My definition: Consider $\mathcal O_{K}$, where $K=\mathbb Q(\sqrt d)$ and let $\omega=\sqrt d$ if $d \equiv 2,3 \mod 4$ and $\omega=\frac{1+\sqrt d}{2}$ if $d \equiv 1 \mod 4$. Let $f(x)$ be the minimal polynomial of $\omega$ over $\mathbb Z$ (the monic polynomial with coefficients in $\mathbb Z$ of least degree with $\omega$ as a root). A prime $p \in \mathbb Z$ is ramified, split and inert if $f$ has a repeated root, two distinct roots or no roots in $\mathbb F_p$ respectively. Another, more useful, definition that I have is that $\mathcal O_K/(p) \cong \mathbb F_p[x]/(x^2), \, \mathbb F_p^2$ and $\mathbb F_{p^2}$ respectively, but this can be deduced from the first definition (see my previous question).
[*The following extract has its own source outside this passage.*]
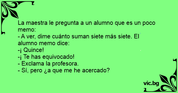 - A ver, dime cuánto suman siete más siete. El alumno memo dice:
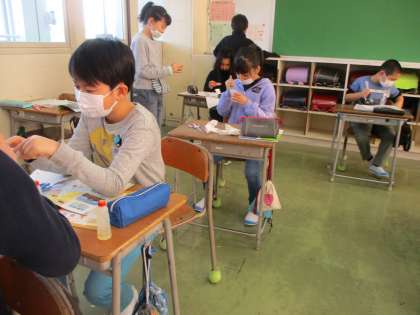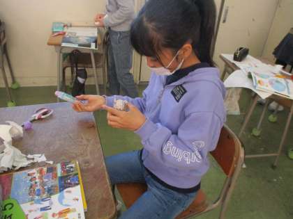 卓球ボールを使って、地球儀を作りました。海洋名、大陸名を覚えながら、位置関係も把握していくために活用していきます。

Other definition: Wikipedia says that $p$ is inert if $(p)$ is a prime ideal, $p$ splits if $(p)$ is a product of two distinct prime ideals of $ \mathcal O_K$ and $p$ is ramified if $(p)$ is the square of a prime ideal of $\mathcal O_K$. (Can this be generalised to non-quadratic fields $K$?)

How could I prove that these definitions are equivalent?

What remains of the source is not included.